ABOUT THIS EXERCISE: The answer must be only the lines below from the one holding "Бизнес-блокнот имеет гибкую" down to the one holding "Special thanks to", ends included, printed exactly; please omit all pictures.

GIVEN RECORDS:
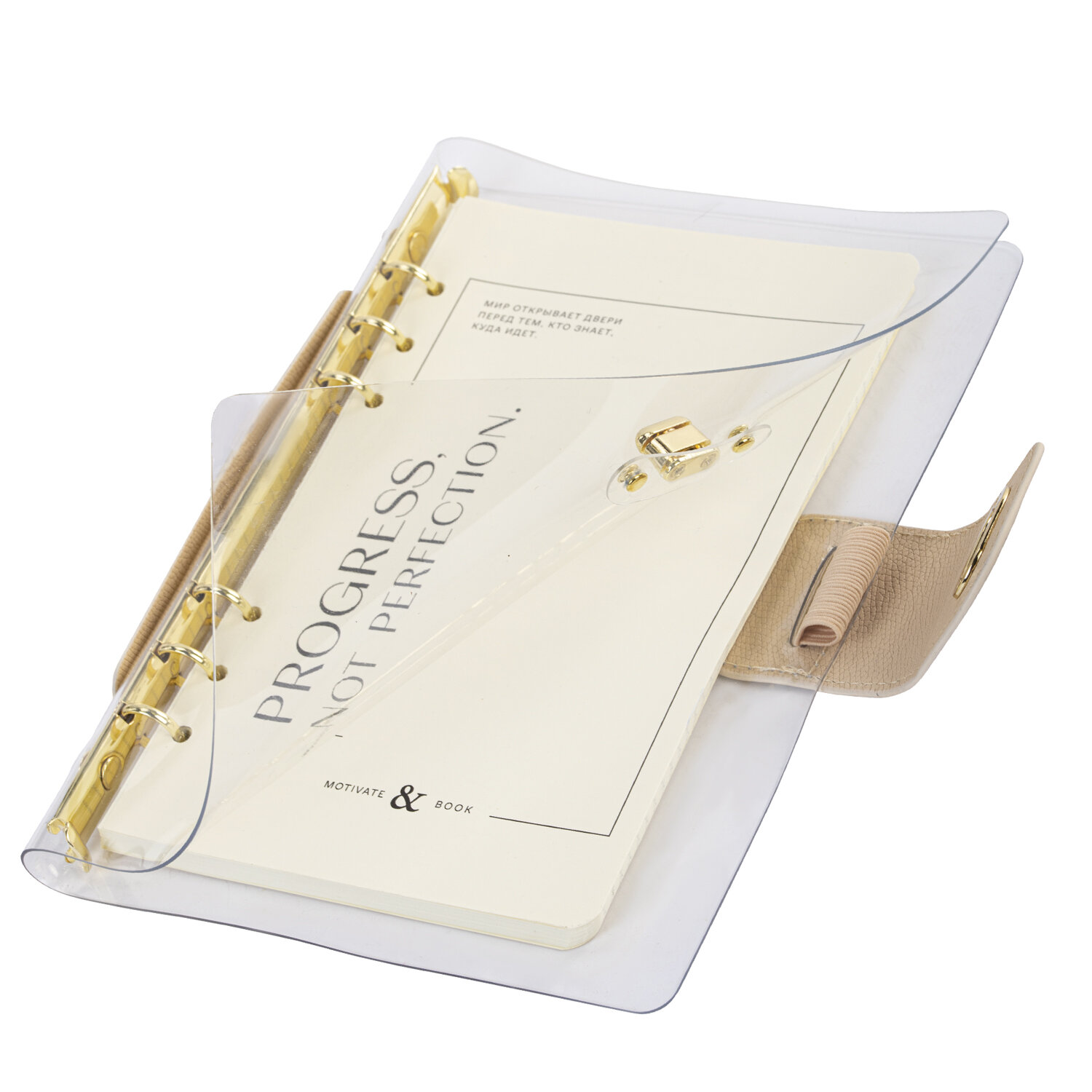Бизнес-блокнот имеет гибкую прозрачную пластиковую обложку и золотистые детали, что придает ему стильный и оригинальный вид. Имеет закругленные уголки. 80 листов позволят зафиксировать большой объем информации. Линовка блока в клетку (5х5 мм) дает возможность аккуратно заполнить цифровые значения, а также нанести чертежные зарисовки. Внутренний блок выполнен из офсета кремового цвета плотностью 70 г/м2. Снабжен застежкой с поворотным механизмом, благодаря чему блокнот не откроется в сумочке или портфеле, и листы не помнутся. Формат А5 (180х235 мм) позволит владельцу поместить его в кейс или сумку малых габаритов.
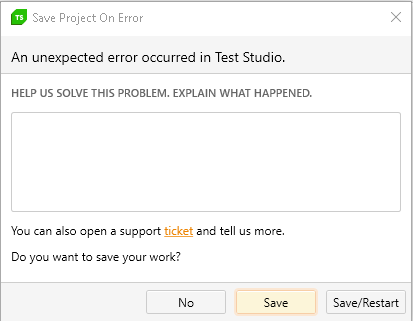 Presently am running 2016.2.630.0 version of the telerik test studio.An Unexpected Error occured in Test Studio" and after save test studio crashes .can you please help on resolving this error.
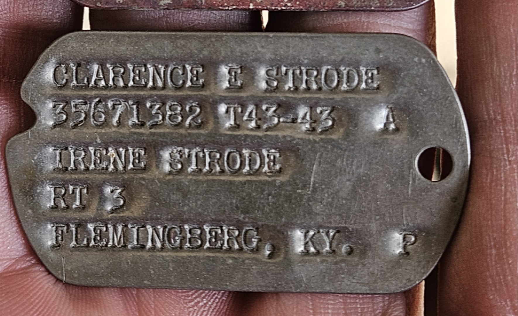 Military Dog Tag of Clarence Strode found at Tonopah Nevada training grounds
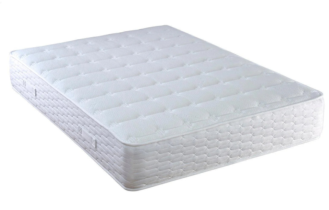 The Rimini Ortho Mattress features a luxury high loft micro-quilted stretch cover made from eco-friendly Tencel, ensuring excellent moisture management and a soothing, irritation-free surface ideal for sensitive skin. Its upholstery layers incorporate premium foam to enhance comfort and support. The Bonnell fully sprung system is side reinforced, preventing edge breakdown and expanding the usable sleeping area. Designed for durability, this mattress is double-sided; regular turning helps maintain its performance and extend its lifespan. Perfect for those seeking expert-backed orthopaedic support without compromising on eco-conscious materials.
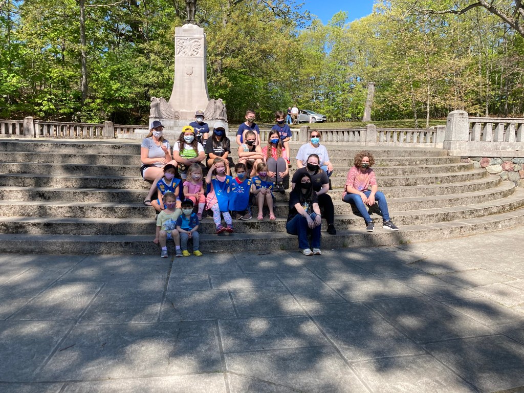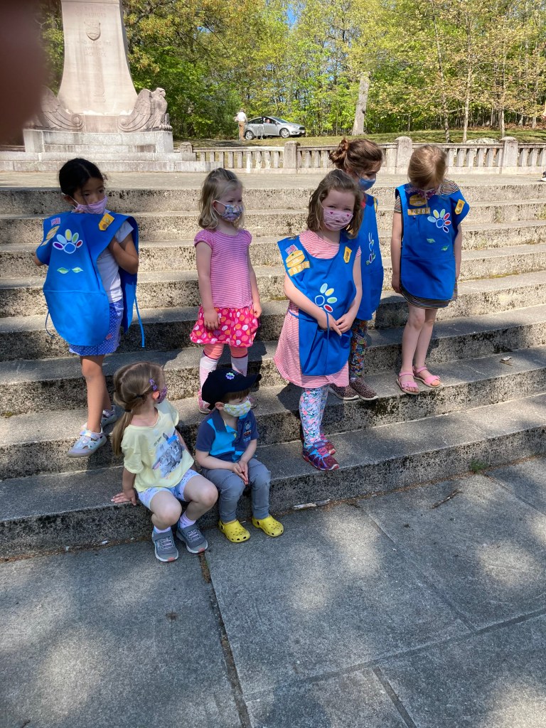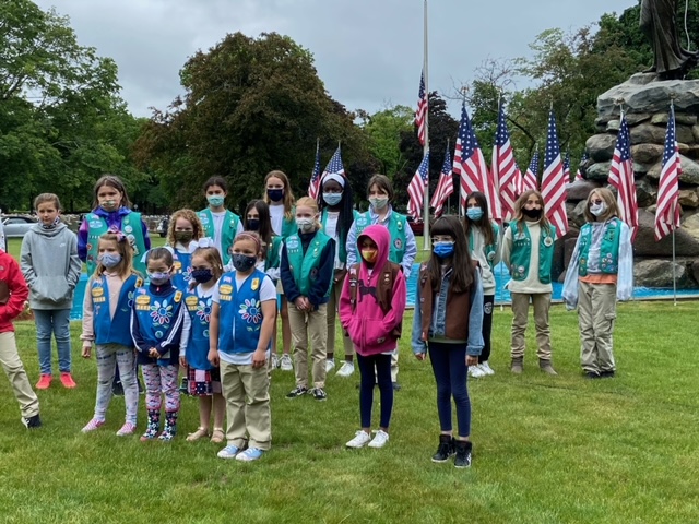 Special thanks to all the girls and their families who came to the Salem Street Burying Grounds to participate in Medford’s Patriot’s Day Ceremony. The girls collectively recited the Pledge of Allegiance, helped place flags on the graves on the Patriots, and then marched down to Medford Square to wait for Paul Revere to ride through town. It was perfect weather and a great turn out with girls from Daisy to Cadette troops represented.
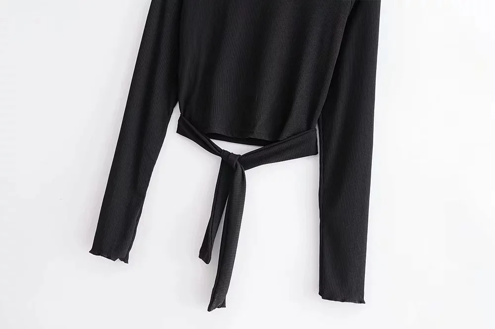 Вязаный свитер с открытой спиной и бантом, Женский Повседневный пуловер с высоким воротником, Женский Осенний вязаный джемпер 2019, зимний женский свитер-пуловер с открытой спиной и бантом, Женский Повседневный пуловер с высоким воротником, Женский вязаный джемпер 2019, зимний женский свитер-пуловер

* * *

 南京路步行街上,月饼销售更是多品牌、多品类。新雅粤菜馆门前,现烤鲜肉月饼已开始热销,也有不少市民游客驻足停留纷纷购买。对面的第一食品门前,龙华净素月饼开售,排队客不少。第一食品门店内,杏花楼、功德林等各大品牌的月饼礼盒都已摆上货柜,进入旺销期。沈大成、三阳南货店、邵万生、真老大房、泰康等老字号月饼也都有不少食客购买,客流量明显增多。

OUTPUT FOR THIS EXERCISE:
Бизнес-блокнот имеет гибкую прозрачную пластиковую обложку и золотистые детали, что придает ему стильный и оригинальный вид. Имеет закругленные уголки. 80 листов позволят зафиксировать большой объем информации. Линовка блока в клетку (5х5 мм) дает возможность аккуратно заполнить цифровые значения, а также нанести чертежные зарисовки. Внутренний блок выполнен из офсета кремового цвета плотностью 70 г/м2. Снабжен застежкой с поворотным механизмом, благодаря чему блокнот не откроется в сумочке или портфеле, и листы не помнутся. Формат А5 (180х235 мм) позволит владельцу поместить его в кейс или сумку малых габаритов.
 Presently am running 2016.2.630.0 version of the telerik test studio.An Unexpected Error occured in Test Studio" and after save test studio crashes .can you please help on resolving this error.
 Military Dog Tag of Clarence Strode found at Tonopah Nevada training grounds
 The Rimini Ortho Mattress features a luxury high loft micro-quilted stretch cover made from eco-friendly Tencel, ensuring excellent moisture management and a soothing, irritation-free surface ideal for sensitive skin. Its upholstery layers incorporate premium foam to enhance comfort and support. The Bonnell fully sprung system is side reinforced, preventing edge breakdown and expanding the usable sleeping area. Designed for durability, this mattress is double-sided; regular turning helps maintain its performance and extend its lifespan. Perfect for those seeking expert-backed orthopaedic support without compromising on eco-conscious materials.
 Special thanks to all the girls and their families who came to the Salem Street Burying Grounds to participate in Medford’s Patriot’s Day Ceremony. The girls collectively recited the Pledge of Allegiance, helped place flags on the graves on the Patriots, and then marched down to Medford Square to wait for Paul Revere to ride through town. It was perfect weather and a great turn out with girls from Daisy to Cadette troops represented.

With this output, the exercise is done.